*** Opening of Provided material ***
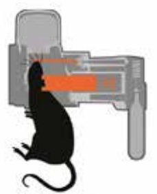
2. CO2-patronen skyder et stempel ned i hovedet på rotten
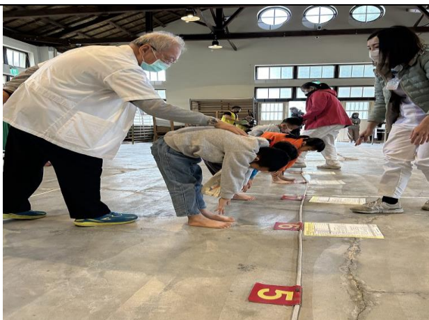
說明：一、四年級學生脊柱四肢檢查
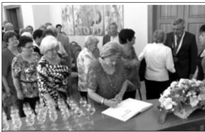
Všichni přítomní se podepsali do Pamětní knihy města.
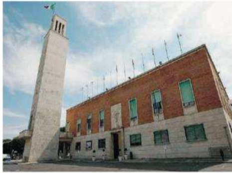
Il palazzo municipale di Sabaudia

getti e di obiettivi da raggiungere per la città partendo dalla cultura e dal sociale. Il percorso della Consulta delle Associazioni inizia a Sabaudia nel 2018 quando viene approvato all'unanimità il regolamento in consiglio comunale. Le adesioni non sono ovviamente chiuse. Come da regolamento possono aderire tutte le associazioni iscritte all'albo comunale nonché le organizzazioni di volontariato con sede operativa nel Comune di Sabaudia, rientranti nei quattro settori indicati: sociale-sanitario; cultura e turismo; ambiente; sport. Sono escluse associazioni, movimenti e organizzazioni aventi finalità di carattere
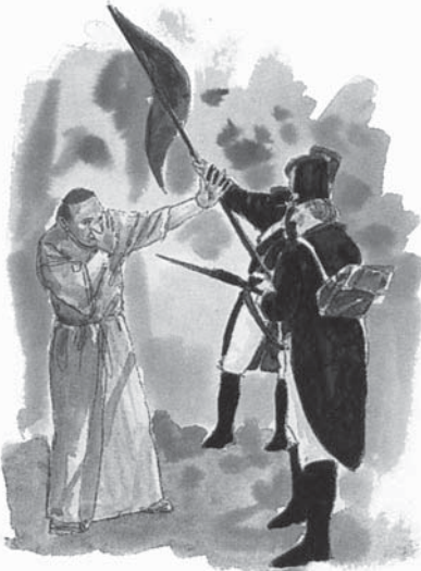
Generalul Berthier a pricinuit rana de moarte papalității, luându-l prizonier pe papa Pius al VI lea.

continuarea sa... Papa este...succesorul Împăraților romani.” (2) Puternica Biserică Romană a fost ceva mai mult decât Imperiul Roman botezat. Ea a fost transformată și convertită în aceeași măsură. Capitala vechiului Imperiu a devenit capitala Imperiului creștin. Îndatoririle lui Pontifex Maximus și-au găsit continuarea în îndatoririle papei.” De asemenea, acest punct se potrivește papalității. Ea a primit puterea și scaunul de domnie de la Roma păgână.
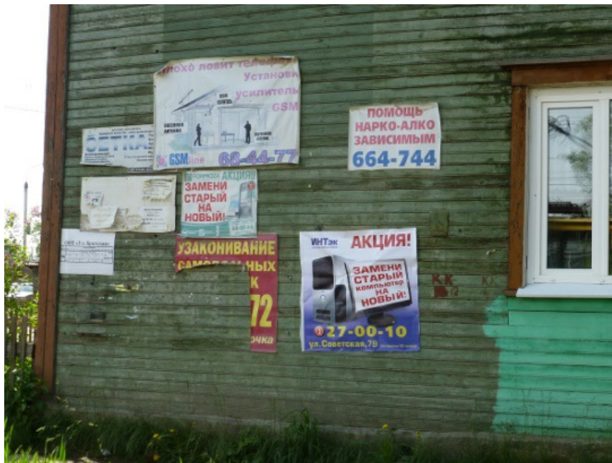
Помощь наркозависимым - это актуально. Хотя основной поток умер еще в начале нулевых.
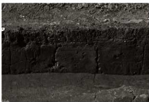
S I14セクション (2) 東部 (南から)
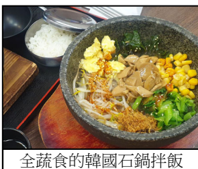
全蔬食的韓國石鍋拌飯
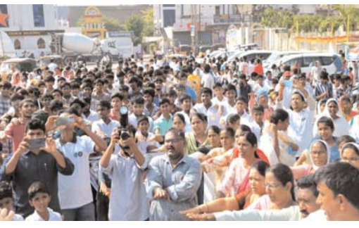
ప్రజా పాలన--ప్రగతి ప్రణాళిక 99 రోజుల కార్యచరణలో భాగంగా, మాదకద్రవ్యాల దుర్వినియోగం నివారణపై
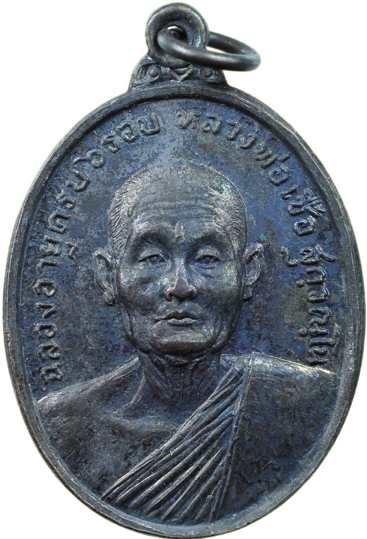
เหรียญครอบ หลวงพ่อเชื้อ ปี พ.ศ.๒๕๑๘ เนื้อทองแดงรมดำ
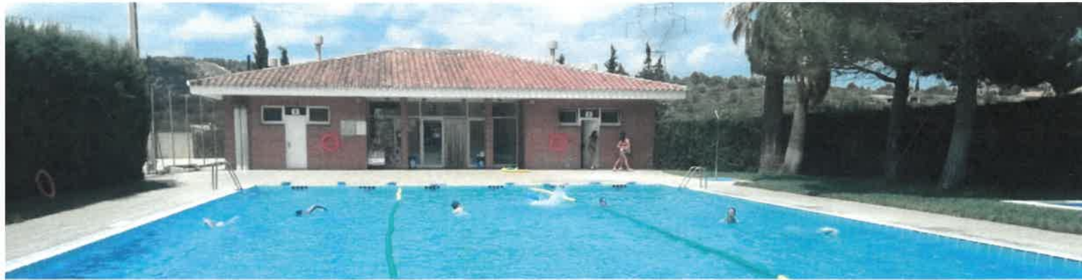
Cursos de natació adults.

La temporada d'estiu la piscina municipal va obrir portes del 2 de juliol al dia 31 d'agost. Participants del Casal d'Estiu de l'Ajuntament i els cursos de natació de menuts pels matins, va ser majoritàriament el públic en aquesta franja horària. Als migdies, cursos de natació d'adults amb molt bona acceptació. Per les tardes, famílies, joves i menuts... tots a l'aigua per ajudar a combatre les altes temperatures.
*** Close of Provided material ***
▶ **Problem description**: Skip the pictures, please, and transcribe only the lines from the beginning of the material through the one that contains "Il palazzo municipale di Sabaudia".

▶ **Task output**:
2. CO2-patronen skyder et stempel ned i hovedet på rotten
說明：一、四年級學生脊柱四肢檢查
Všichni přítomní se podepsali do Pamětní knihy města.
Il palazzo municipale di Sabaudia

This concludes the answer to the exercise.